W should be a Weyl group corresponding to an algebraic group 𝐆. This function returns a list describing representatives 𝐇 of 𝐆-orbits of reductive subgroups of 𝐆 which are the identity component of the centralizer of a semisimple element. Each group 𝐇 is specified by a list h of reflection indices in W such that 𝐇 corresponds to reflection_subgroup(W,h). If a second argument p is given, only the list of the centralizers which occur in characteristic p is returned.

julia> W=coxgroup(:G,2)
G₂

julia> sscentralizer_reps(W)
6-element Vector{Vector{Int64}}:
 []
 [1]
 [2]
 [1, 2]
 [1, 5]
 [2, 6]

julia> reflection_subgroup.(Ref(W),sscentralizer_reps(W))
6-element Vector{FiniteCoxeterSubGroup{Perm{Int16},Int64}}:
 G₂₍₎=Φ₁²
 G₂₍₁₎=A₁Φ₁
 G₂₍₂₎=Ã₁Φ₁
 G₂
 G₂₍₁₅₎=A₂
 G₂₍₂₆₎=Ã₁×A₁

julia> sscentralizer_reps(W,2)
5-element Vector{Vector{Int64}}:
 []
 [1]
 [2]
 [1, 2]
 [1, 5]

structure_rational_points_connected_centre(W,q)

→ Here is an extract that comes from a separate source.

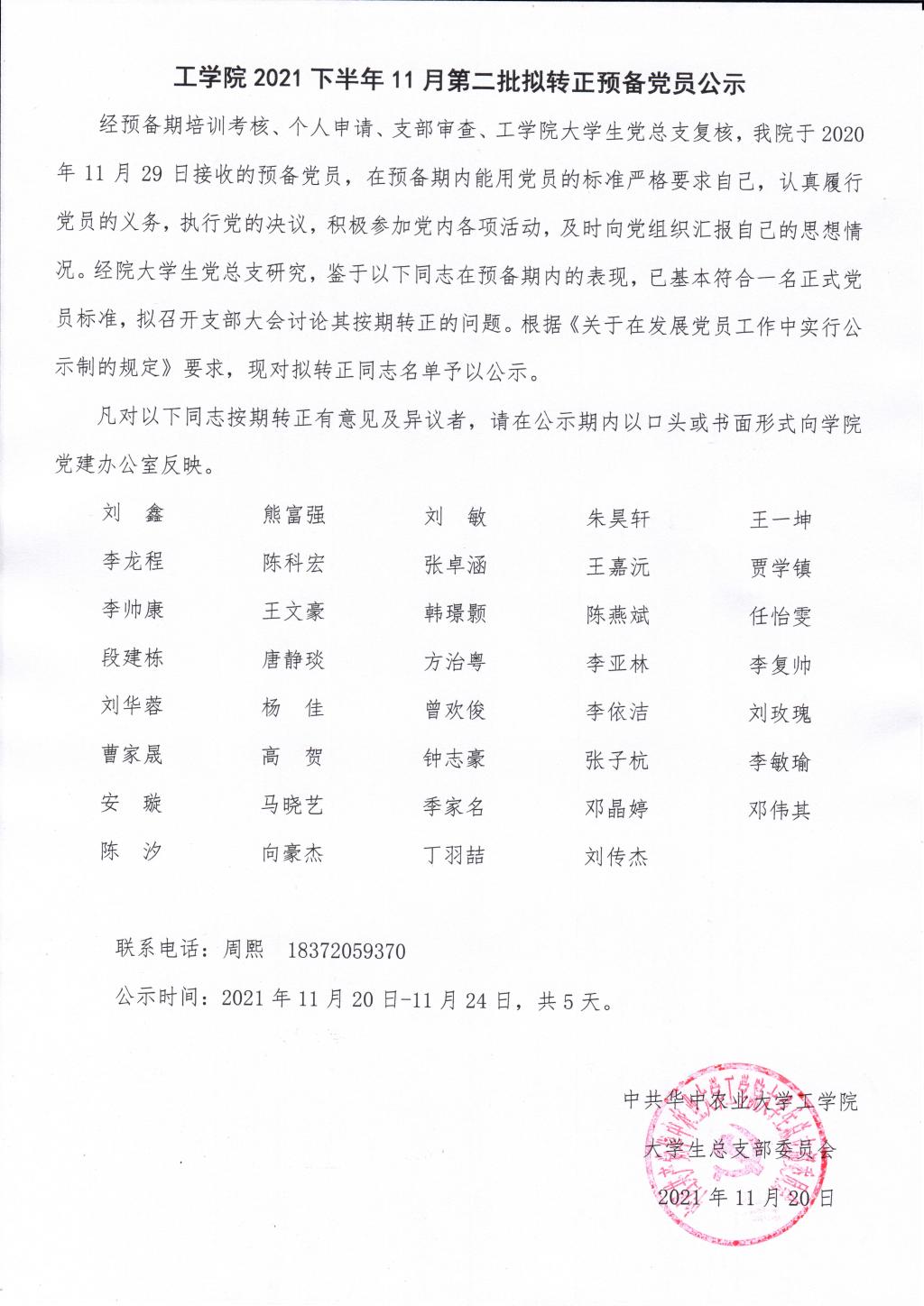 2021下半年11月第二批拟转正预备党员公示

W should be a Coxeter group or a Coxeter coset representing a finite reductive group $𝐆 ^F$, and q should be the prime power associated to the isogeny F. The function returns the abelian invariants of the finite abelian group $Z⁰𝐆 ^F$ where Z⁰𝐆 is the connected center of 𝐆.

In the following example one determines the structure of 𝐓(𝔽₃) where 𝐓 runs over all the maximal tori of SL₄.

julia> l=twistings(rootdatum(:sl,4),Int[])
5-element Vector{Spets{FiniteCoxeterSubGroup{Perm{Int16},Int64}}}:
 A₃₍₎=Φ₁³
 A₃₍₎=Φ₁²Φ₂
 A₃₍₎=Φ₁Φ₂²
 A₃₍₎=Φ₁Φ₃
 A₃₍₎=Φ₂Φ₄

julia> structure_rational_points_connected_centre.(l,3)
5-element Vector{Vector{Int64}}:
 [2, 2, 2]
 [2, 8]
 [4, 8]
 [26]
 [40]

fixed_points(T::SubTorus,m)

Let σ be an automorphism of T represented as a matrix m∈ GL(X(T)). The function returns $(T^{σ0},σ$-stable representatives of $T/T^{σ0})$

It uses the formula in (Digne and Michel, 2018; 1.2(1)) for $T/T^{σ0}$ which is Ker(1+σ+σ^2+...)/Im(σ-Id).

ExtendedReflectionGroup(W,mats)

ExtendedReflectionGroup(W,perms)

An extended reflection group is the semi-direct product of a reflection group W on the space V by a group of diagram automorphisms (elements of GL(V) which normalize W). It is represented as a collection of reflection cosets which generate it.

In the first form, mats are the automorphisms given as elements of GL(V). In the second form, the automorphisms are specified by the permutations they induce on the roots of W.